There are a few ways to do this. One approach is to design houses with small windows and thick walls filled with insulation; this strategy prevents the sun from overheating the interior, cuts down on air-conditioning in the summer, and reduces heat loss in the winter. But it doesn't make for a delightful living experience. The people living in one such house complained to me that it was so heavily insulated you couldn't even hear birds singing outside.

So we decided to build a house that didn't wall itself off like a fortress from the sun but instead invited sunlight and fresh air in. In a word, that means windows. Our test house has about double the window area of an ordinary Danish house. We chose specialized panes with two or three layers of glazing, which in the cooler months reduces the heat escaping from the inside while allowing lots of heat and daylight to enter. In fact, the windows alone deliver half of the heating needed in the winter.

The windows' frames also add insulation. They're made of a brand-new type of polyurethane (the stuff that foam is made of) strengthened with thin glass threads. Engineers at Velfac, a VKR subsidiary, tested more than 200 materials before finding one that was at once highly insulating and durable and had a pleasing surface finish. Because of the material's strength, a weather-resistant frame can be made with just a slim sheet of this polyurethane.

The large windows cut down on the amount of indoor lighting and mechanical ventilation needed-good news for our net-zero-energy goal. But sometimes we need to keep the interior heating in check. To do so, a roof overhang on the south side provides shade when the sun is high in the summer, and shutters and blinds on both sides of each window regulate the transmittance of heat and provide privacy.

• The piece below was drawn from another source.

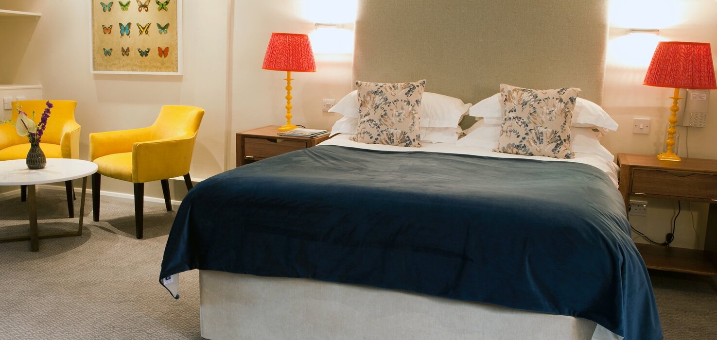 - rooms with a cosy living room and a king bed.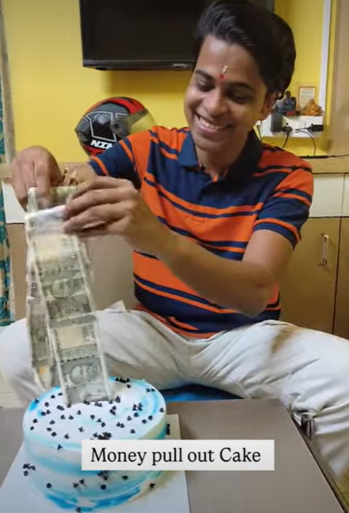 A fun American party cake where rolled bills are hidden inside and pulled out like a ribbon. Kids and adults love the surprise element at birthdays.

To further reduce the risk of overheating, we programmed the windows to open on their own to let in fresh air. Sensors in every room track the temperature, carbon dioxide levels, and humidity, and a weather station on the roof monitors outside conditions. Our control system, from another VKR company, WindowMaster, uses that information to decide when to lower the solar screens or slide open selected panes. These automated adjustments of the windows, rather than traditional air-conditioning and heating, provide the bulk of the house's temperature control.

Unfortunately, the settings we chose didn't always agree with the Simonsens. As the parents reported, "The windows are open even though we feel cold. There is a draft, so we wrap ourselves in blankets and close the windows with the remote control...but alas, half an hour later they open automatically again!"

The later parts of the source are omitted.